▶ Provided data
###

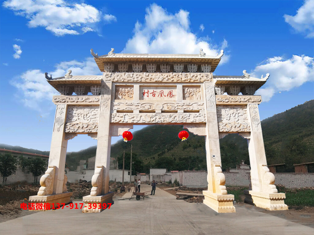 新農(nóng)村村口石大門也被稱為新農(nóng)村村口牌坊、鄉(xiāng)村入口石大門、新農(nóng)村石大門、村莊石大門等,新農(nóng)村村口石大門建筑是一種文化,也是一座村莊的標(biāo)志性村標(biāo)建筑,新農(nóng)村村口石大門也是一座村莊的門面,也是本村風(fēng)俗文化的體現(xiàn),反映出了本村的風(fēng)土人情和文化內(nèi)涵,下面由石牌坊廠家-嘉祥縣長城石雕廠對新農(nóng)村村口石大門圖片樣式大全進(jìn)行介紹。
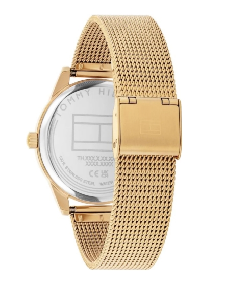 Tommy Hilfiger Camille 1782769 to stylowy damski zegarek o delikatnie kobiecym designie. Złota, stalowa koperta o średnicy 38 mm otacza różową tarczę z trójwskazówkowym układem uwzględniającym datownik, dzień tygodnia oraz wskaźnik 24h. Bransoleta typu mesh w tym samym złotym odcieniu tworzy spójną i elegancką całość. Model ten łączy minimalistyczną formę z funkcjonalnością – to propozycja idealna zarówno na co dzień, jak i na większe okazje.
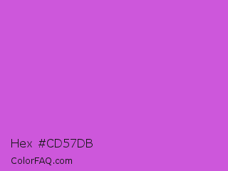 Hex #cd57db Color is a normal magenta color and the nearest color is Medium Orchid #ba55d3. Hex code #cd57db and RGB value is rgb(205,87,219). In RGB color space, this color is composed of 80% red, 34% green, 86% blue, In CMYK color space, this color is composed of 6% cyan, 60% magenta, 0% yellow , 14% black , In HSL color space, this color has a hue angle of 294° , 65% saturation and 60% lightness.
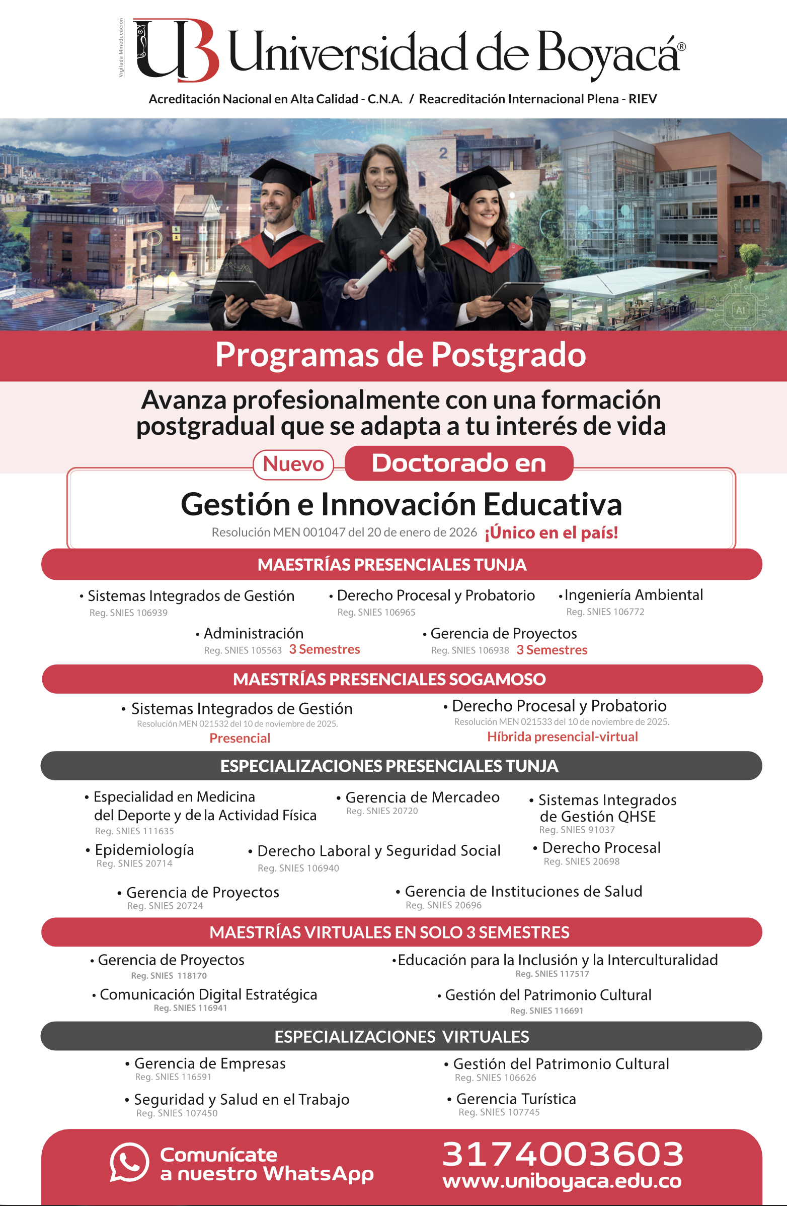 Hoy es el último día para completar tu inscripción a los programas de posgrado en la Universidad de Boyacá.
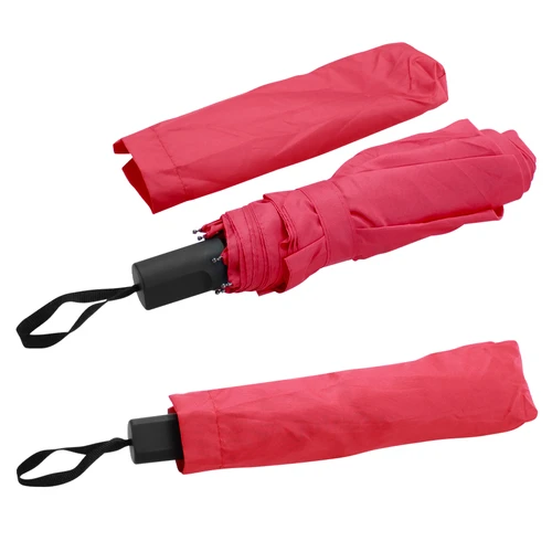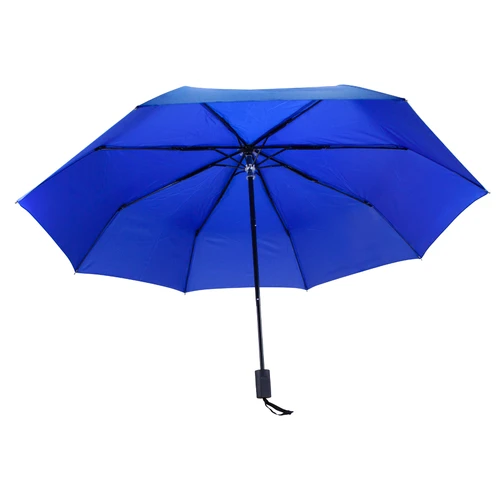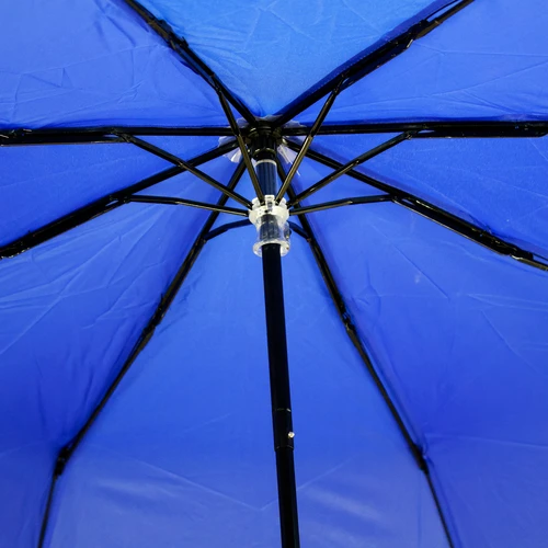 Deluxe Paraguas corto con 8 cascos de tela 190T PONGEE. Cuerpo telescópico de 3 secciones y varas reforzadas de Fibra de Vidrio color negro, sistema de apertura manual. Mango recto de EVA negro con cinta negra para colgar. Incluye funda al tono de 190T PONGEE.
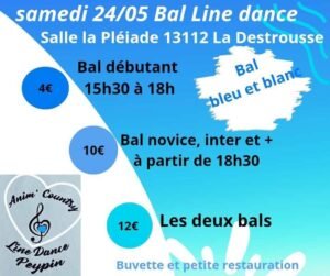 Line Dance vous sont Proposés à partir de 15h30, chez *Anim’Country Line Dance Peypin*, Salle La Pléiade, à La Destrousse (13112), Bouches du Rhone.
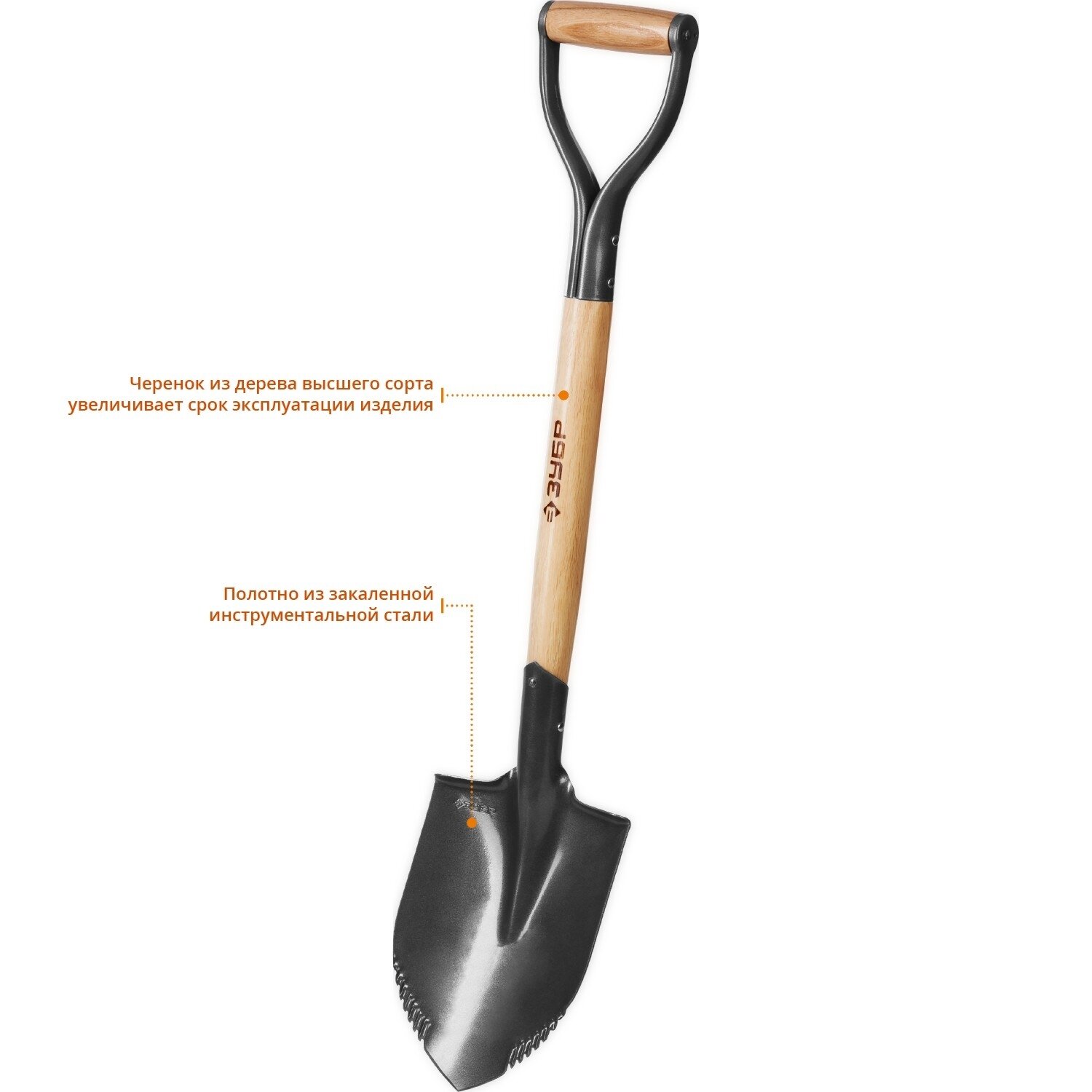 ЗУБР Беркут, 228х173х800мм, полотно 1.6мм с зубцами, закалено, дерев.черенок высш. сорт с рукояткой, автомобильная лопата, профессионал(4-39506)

###

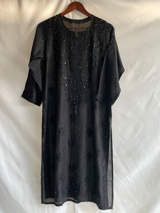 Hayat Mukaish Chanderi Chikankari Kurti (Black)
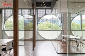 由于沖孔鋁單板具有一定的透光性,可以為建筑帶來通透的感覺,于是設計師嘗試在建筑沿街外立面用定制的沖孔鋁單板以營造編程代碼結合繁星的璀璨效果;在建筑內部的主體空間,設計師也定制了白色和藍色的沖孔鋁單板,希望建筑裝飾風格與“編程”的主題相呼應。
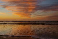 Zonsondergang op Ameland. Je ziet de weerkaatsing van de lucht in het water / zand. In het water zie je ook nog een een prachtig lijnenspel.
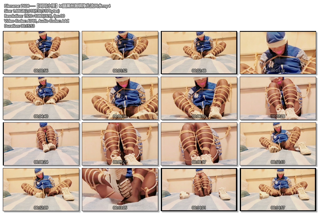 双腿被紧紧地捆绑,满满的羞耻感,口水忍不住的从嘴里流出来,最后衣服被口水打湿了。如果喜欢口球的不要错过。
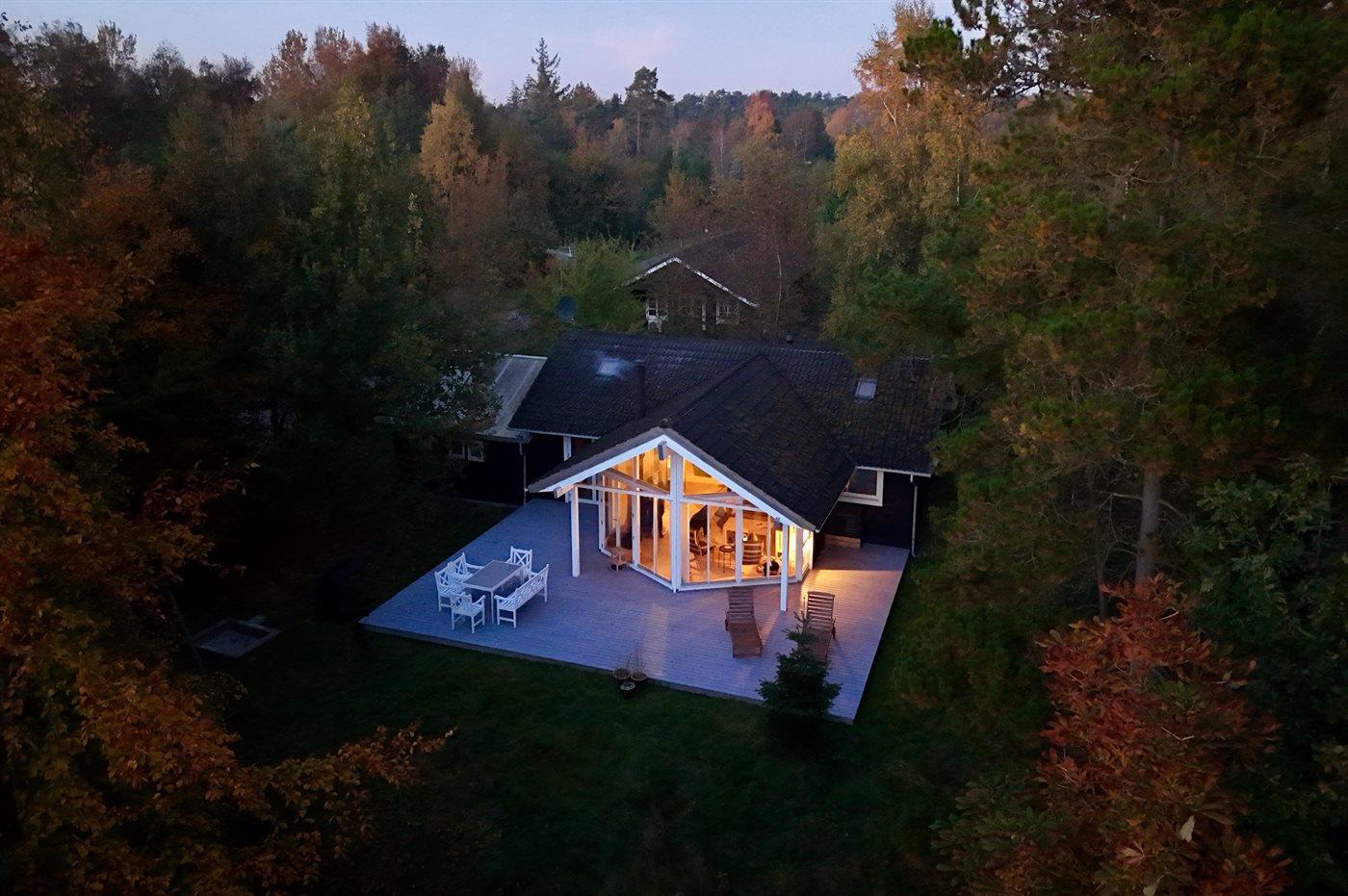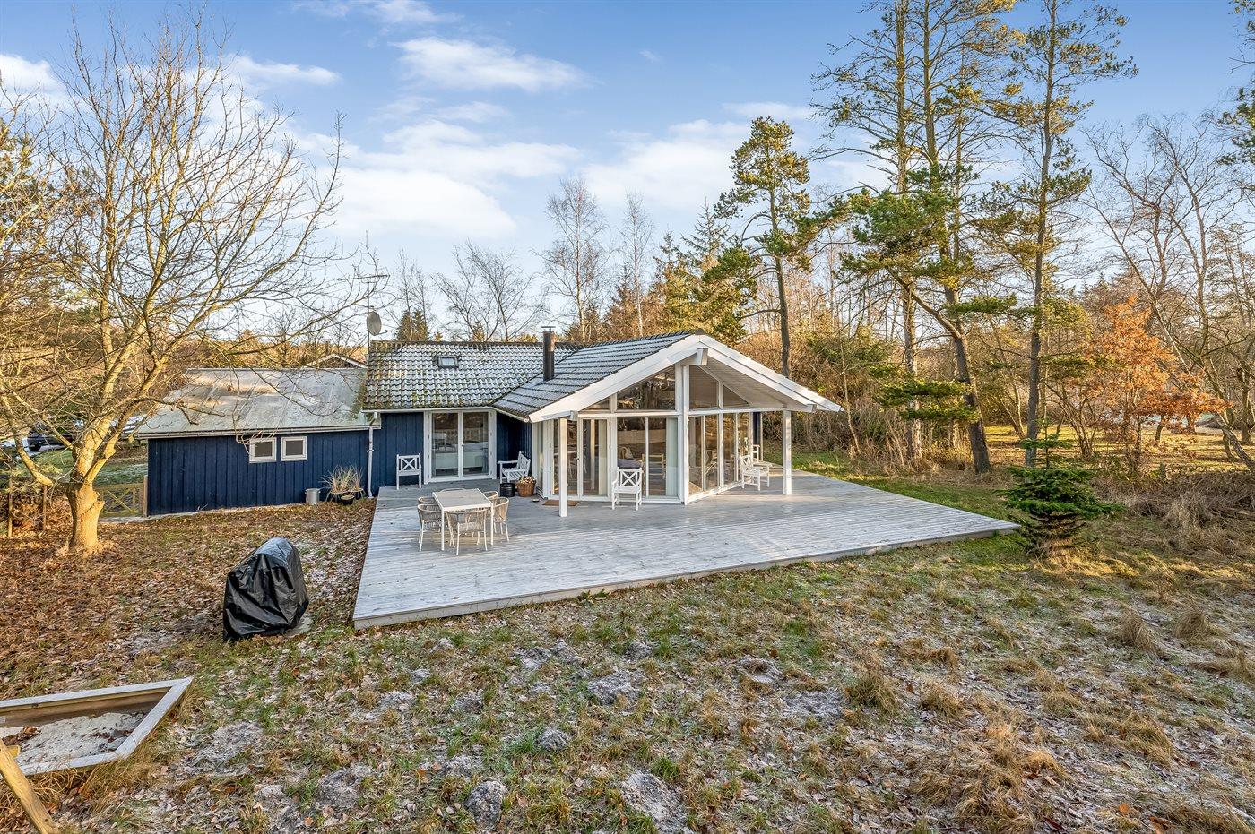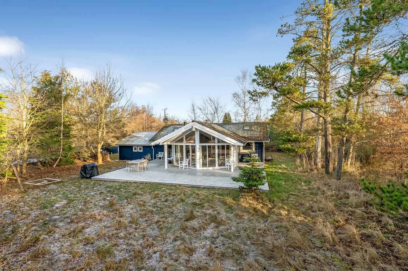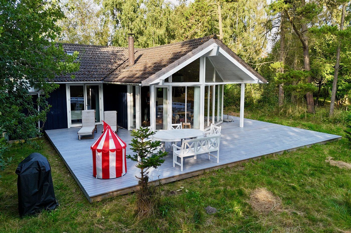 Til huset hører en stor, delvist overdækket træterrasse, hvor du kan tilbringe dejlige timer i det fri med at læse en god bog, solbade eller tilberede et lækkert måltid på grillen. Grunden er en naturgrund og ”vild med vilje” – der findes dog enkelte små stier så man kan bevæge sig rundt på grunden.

###

▶ What you will do
Copy only these lines from the records above, exactly: the one with "Hayat Mukaish Chanderi", the one with "双腿被紧紧地捆绑,满满的羞耻", and those between. Skip the pictures.

▶ Task answer
 Hayat Mukaish Chanderi Chikankari Kurti (Black)
 由于沖孔鋁單板具有一定的透光性,可以為建筑帶來通透的感覺,于是設計師嘗試在建筑沿街外立面用定制的沖孔鋁單板以營造編程代碼結合繁星的璀璨效果;在建筑內部的主體空間,設計師也定制了白色和藍色的沖孔鋁單板,希望建筑裝飾風格與“編程”的主題相呼應。
 Zonsondergang op Ameland. Je ziet de weerkaatsing van de lucht in het water / zand. In het water zie je ook nog een een prachtig lijnenspel.
 双腿被紧紧地捆绑,满满的羞耻感,口水忍不住的从嘴里流出来,最后衣服被口水打湿了。如果喜欢口球的不要错过。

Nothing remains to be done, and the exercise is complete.